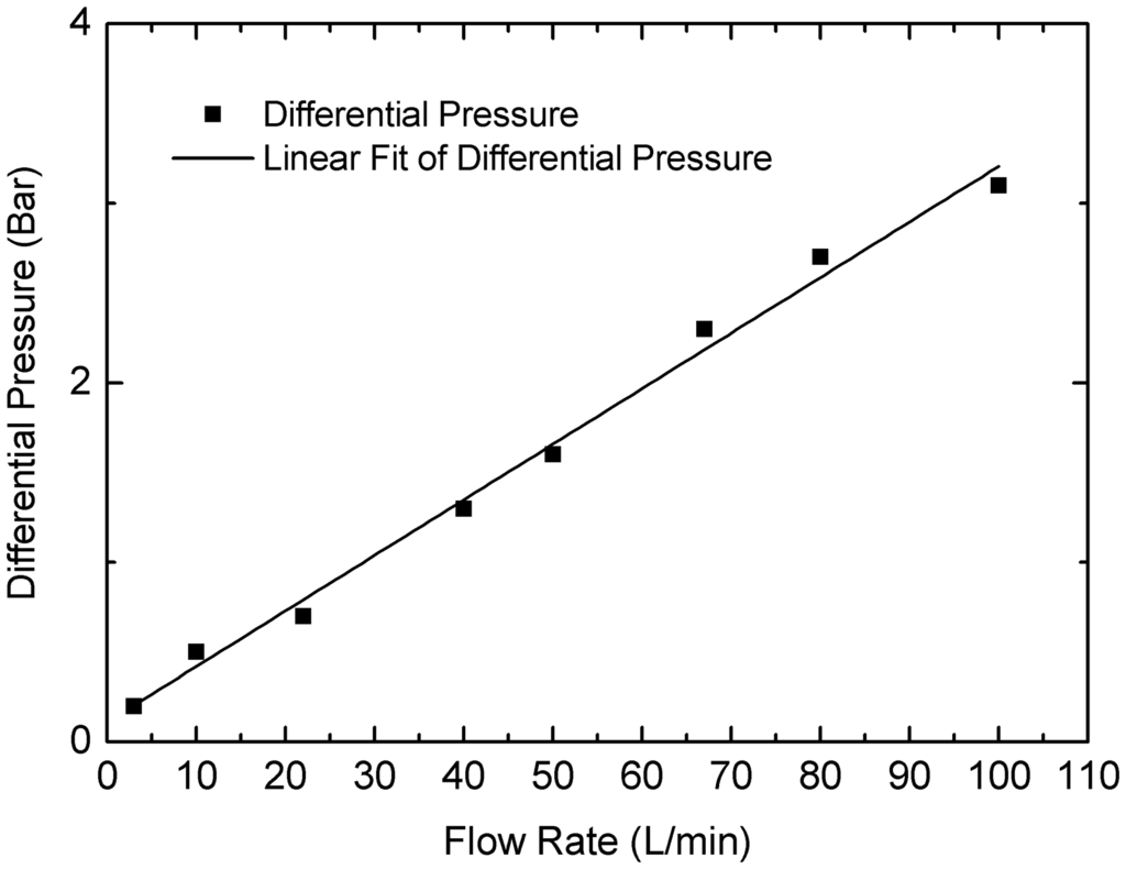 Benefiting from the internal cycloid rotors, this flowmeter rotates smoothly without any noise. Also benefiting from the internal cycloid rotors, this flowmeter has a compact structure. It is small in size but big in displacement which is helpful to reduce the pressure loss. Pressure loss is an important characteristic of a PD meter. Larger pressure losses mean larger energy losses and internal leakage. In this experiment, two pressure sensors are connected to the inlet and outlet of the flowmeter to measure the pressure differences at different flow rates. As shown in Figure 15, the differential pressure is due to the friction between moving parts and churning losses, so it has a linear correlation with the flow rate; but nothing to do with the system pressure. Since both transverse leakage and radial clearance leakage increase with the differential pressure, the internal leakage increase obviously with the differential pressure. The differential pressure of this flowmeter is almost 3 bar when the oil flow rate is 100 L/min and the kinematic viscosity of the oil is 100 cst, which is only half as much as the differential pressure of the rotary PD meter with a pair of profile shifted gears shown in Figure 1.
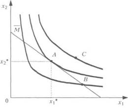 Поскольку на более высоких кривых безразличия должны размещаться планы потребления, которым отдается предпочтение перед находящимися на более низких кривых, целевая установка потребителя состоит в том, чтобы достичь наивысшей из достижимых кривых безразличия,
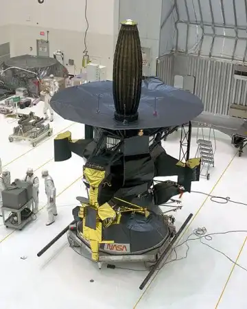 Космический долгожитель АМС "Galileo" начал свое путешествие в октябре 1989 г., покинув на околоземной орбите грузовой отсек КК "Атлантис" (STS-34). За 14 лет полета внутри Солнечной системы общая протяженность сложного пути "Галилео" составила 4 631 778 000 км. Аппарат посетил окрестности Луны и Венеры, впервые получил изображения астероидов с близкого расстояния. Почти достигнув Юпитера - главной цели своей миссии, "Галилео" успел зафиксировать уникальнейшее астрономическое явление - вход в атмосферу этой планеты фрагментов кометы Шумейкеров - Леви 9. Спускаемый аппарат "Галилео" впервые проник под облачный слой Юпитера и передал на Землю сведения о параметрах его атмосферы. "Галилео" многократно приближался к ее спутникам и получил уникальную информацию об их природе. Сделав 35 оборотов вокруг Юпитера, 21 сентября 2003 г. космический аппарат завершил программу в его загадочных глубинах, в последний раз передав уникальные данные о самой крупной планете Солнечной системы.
——
The entire listing above is to be copied exactly, with all pictures omitted.

 Benefiting from the internal cycloid rotors, this flowmeter rotates smoothly without any noise. Also benefiting from the internal cycloid rotors, this flowmeter has a compact structure. It is small in size but big in displacement which is helpful to reduce the pressure loss. Pressure loss is an important characteristic of a PD meter. Larger pressure losses mean larger energy losses and internal leakage. In this experiment, two pressure sensors are connected to the inlet and outlet of the flowmeter to measure the pressure differences at different flow rates. As shown in Figure 15, the differential pressure is due to the friction between moving parts and churning losses, so it has a linear correlation with the flow rate; but nothing to do with the system pressure. Since both transverse leakage and radial clearance leakage increase with the differential pressure, the internal leakage increase obviously with the differential pressure. The differential pressure of this flowmeter is almost 3 bar when the oil flow rate is 100 L/min and the kinematic viscosity of the oil is 100 cst, which is only half as much as the differential pressure of the rotary PD meter with a pair of profile shifted gears shown in Figure 1.
 Поскольку на более высоких кривых безразличия должны размещаться планы потребления, которым отдается предпочтение перед находящимися на более низких кривых, целевая установка потребителя состоит в том, чтобы достичь наивысшей из достижимых кривых безразличия,
 Космический долгожитель АМС "Galileo" начал свое путешествие в октябре 1989 г., покинув на околоземной орбите грузовой отсек КК "Атлантис" (STS-34). За 14 лет полета внутри Солнечной системы общая протяженность сложного пути "Галилео" составила 4 631 778 000 км. Аппарат посетил окрестности Луны и Венеры, впервые получил изображения астероидов с близкого расстояния. Почти достигнув Юпитера - главной цели своей миссии, "Галилео" успел зафиксировать уникальнейшее астрономическое явление - вход в атмосферу этой планеты фрагментов кометы Шумейкеров - Леви 9. Спускаемый аппарат "Галилео" впервые проник под облачный слой Юпитера и передал на Землю сведения о параметрах его атмосферы. "Галилео" многократно приближался к ее спутникам и получил уникальную информацию об их природе. Сделав 35 оборотов вокруг Юпитера, 21 сентября 2003 г. космический аппарат завершил программу в его загадочных глубинах, в последний раз передав уникальные данные о самой крупной планете Солнечной системы.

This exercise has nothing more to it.